Aucun de nous ne voudrait changer ! II est si facile de déceler dans nos propos avec les autres le regret de ne pouvoir réaliser ce rêve cher à tous les êtres : arrêter la marche du temps, mettre ceux que l’on aime et soi-même à l’abri du changement. Nous sommes passionnément attachés à la jeunesse, et avec crainte nous voyons l’âge mûr. Nous appréhendons d’abandonner notre vieille maison où nous avons nos habitudes, de quitter des ami(e)s et d’ancien(ne)s voisin(e)s pour nous en faire de nouveaux.
Et pourtant, tout comme le rythme des saisons ou ceux des années, le changement en nous est impossible à éviter. Vouloir s’en préserver serait tout simplement vouloir fermer notre porte à la vie. Car tout ce qui vit est en évolution constante. De même que nos cellules meurent et que de nouvelles les remplacent, notre personnalité change elle aussi. Ainsi va la vie. Et nous nous épargnerions bien des regrets si nous savions estimer cette évolution à sa juste valeur, c’est-à-dire comme une occasion d’épanouissement.
C’est, en effet, quand cette transformation ne s’opère pas que nous restons à la traîne, que notre esprit vieillit. Peut-être à un moment de notre existence avons-nous vu les jours se succéder sans que rien de bien notable n’arrive : aucun désagrément, aucune joie non plus. Le temps passe, mais nous avons l’impression de piétiner. Rien ne semble changer en nous, sauf que, chaque matin, quelqu’un change la date du calendrier. Et puis, un beau jour, cette monotonie prend fin.

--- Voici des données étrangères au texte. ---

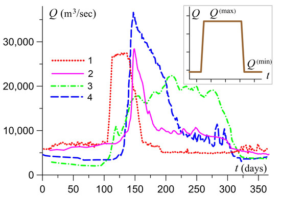 Examples of rivers water discharge: 1—The Volga river at the gauging station Dam Downstream of the Volga HPP in 2016; 2—the Yenisei River at the gauging station in the village Podkamennaya Tunguska in 2016; 3—the Amur River at the gauging station at the Komsomolsk in 2016; 4—the Ob River at the gauging station at the Salekhard in 2016. The inset shows the model hydrograph used in what follows.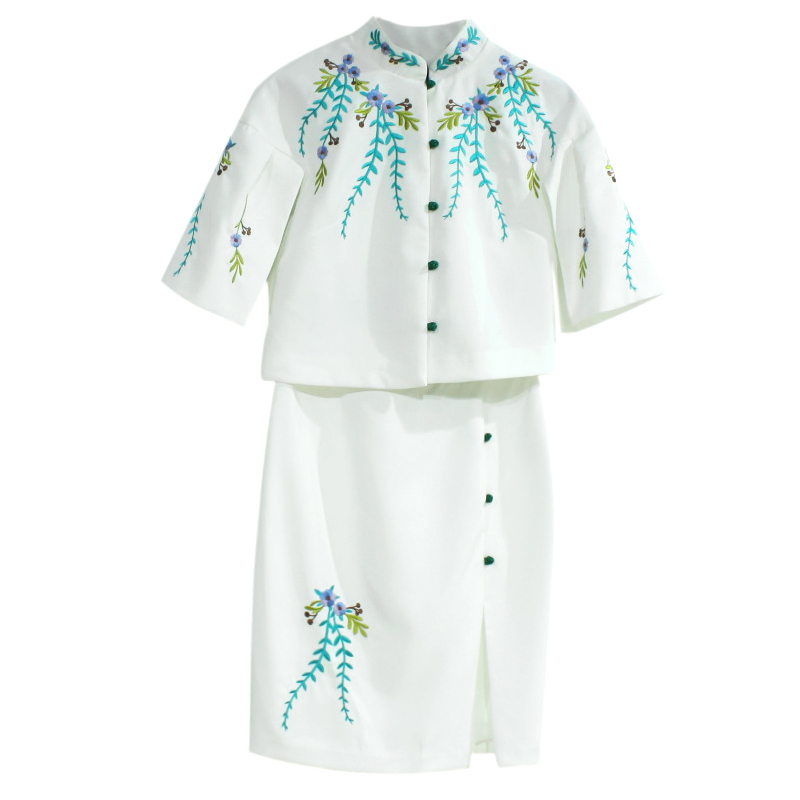 / 名媛氣質套裝2018春季新款斗篷外套上衣半身裙開叉裙女套裝

À la suite d’un événement quelconque, la vie change brusquement. Et, que ce soit en bien ou en mal, les heures qui ont marqué cette transformation se gravent dans la mémoire plus nettement que les années de calme qui les ont précédées. Longtemps après, on se rappelle à quel point, malgré la secousse ressentie, on s’est senti rajeunir une fois débarrassé du manteau de l’habitude. Pourquoi, la plupart du temps, nous entêtons-nous dans notre routine ? II nous arrive de souffrir de la situation où nous nous trouvons, et cependant, quand par hasard du nouveau se présente, nous reculons. Pourquoi ? Par inertie, d’abord. Dès l’âge de vingt-cinq ans, nous ne formons plus qu’un « paquet d’habitudes », et, pour nous, l’expression « se fixer » devient le symbole même de la maturité.
Mais la véritable raison qui nous empêche de nous adapter au changement réside plutôt dans ce qu’on appelle le « manque de nerfs ». À un certain âge très variable d’ailleurs, la plupart des gens semblent perdre l’audace de la jeunesse et semble vouloir se mettre à l’abri du risque.
Ceux qui souffrent de cette sorte d’atonie se défendent contre les déceptions par l’immobilité. C’est une méthode qui aurait peut-être une chance de réussir s’il était réellement possible d’arrêter le cours de l’existence, ce qui n’est pas le cas. Seule dépend de nous la manière d’accepter les changements inévitables. Les accueillir de bon gré est encore plus sage. Et, pour ce faire, il faut avant tout apprendre à se dégager des liens du passé.
Conservons les souvenirs du passé comme un trésor enfoui au fond de notre cœur, mais ne perdons pas de temps à soupirer après le bonheur perdu. Les changements sont inévitables, et nous pouvons nous préparer à y faire face. Comment ? Mais tout simplement comme l’athlète qui, avant la compétition, suit un entraînement rigoureux en exerçant les muscles appropriés. Il faut, pour cela, nous appliquer à réviser nos habitudes, notre façon de vivre, y apporter, aussi souvent que possible, de légères modifications pour conserver toute notre souplesse mentale et morale. Essayons, surtout, de nous passer du plus grand nombre de choses possible. Car, s’il est un facteur qui contribue plus que tout à nous « encroûter », c’est bien le prix que nous attachons à nos petites habitudes de confort.
Exerçons nos facultés d’adaptation et nous serons étonnés de voir à quel point nos journées deviendront riches en événements imprévus. Nous nous sentirons toujours jeunes car nous suivrons le rythme même de la vie au lieu de nous laisser distancer par elle.